Teacher comment (100 words):
You must do this perfectly. No shortcuts. Use coordinates, compute dx and dy, square them, add, and take square root — that is the Pythagorean way. Start by finding the only pair one unit apart: (6,3) and (6,2). That fixes the first step. From (6,2) move to (6,3), then to (5,0) because 1, √10, 5, √5 must appear in that order. Show your working: list dx, dy, dx^2+dy^2 for each segment. Check each length equals 1,10,25,5. If you show full, neat work, you will get full marks. Repeat until perfect. Do it again. I will check thoroughly. No sloppy work.
Solution — step by step:
- Label the five marked points: A = (5,0), B = (6,3), C = (1,3), D = (6,2), E = (3,2).

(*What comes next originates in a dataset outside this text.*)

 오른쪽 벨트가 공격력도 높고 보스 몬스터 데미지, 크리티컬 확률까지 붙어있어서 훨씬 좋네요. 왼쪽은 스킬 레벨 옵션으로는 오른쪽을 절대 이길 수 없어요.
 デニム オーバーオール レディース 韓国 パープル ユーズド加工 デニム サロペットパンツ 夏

- Use the Pythagorean theorem: distance^2 = dx^2 + dy^2 where dx = x2-x1, dy = y2-y1. Compute key pair distances (squared):
A–B: (5,0)-(6,3) → dx=1, dy=3 → 1^2+3^2=10 → distance = √10 A–C: (5,0)-(1,3) → dx=-4, dy=3 → 16+9=25 → distance = 5 A–D: (5,0)-(6,2) → dx=1, dy=2 → 1+4=5 → distance = √5 B–D: (6,3)-(6,2) → dx=0, dy=-1 → 0+1=1 → distance = 1 B–E: (6,3)-(3,2) → dx=-3, dy=-1 → 9+1=10 → distance = √10 C–E: (1,3)-(3,2) → dx=2, dy=-1 → 4+1=5 → distance = √5
- Reasoning: The sequence of required lengths squared is 1, 10, 25, 5. Only B–D has squared distance 1, so the first segment must be between B and D. Order the endpoints so the next segment can be √10: D→B→(point at √10 from B). B is √10 from A and E, but only A has a neighbor at distance 5 to continue (A→C). Thus the unique order is D → B → A → C → E.

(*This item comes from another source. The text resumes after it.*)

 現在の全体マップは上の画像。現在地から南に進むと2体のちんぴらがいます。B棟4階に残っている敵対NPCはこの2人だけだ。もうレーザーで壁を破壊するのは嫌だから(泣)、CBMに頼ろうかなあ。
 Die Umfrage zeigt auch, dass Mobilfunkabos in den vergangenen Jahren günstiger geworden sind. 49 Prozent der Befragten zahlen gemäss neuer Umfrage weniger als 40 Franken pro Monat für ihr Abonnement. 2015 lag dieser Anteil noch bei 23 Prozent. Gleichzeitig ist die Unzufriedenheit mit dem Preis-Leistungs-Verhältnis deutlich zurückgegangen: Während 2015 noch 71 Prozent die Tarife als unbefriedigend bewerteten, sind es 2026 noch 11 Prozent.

- Final path (in coordinates): (6,2) → (6,3) → (5,0) → (1,3) → (3,2). Confirm segment lengths:
(6,2)→(6,3): dx=0,dy=1 → distance = 1 (6,3)→(5,0): dx=-1,dy=-3 → 1+9=10 → distance = √10 (5,0)→(1,3): dx=-4,dy=3 → 16+9=25 → distance = 5 (1,3)→(3,2): dx=2,dy=-1 → 4+1=5 → distance = √5
Thus the path matches the required lengths 1, √10, 5, √5. Practice computing dx, dy and distance^2 each time to build reliability — this is exactly the ACARA v9 skill of applying the Pythagorean theorem in coordinate geometry.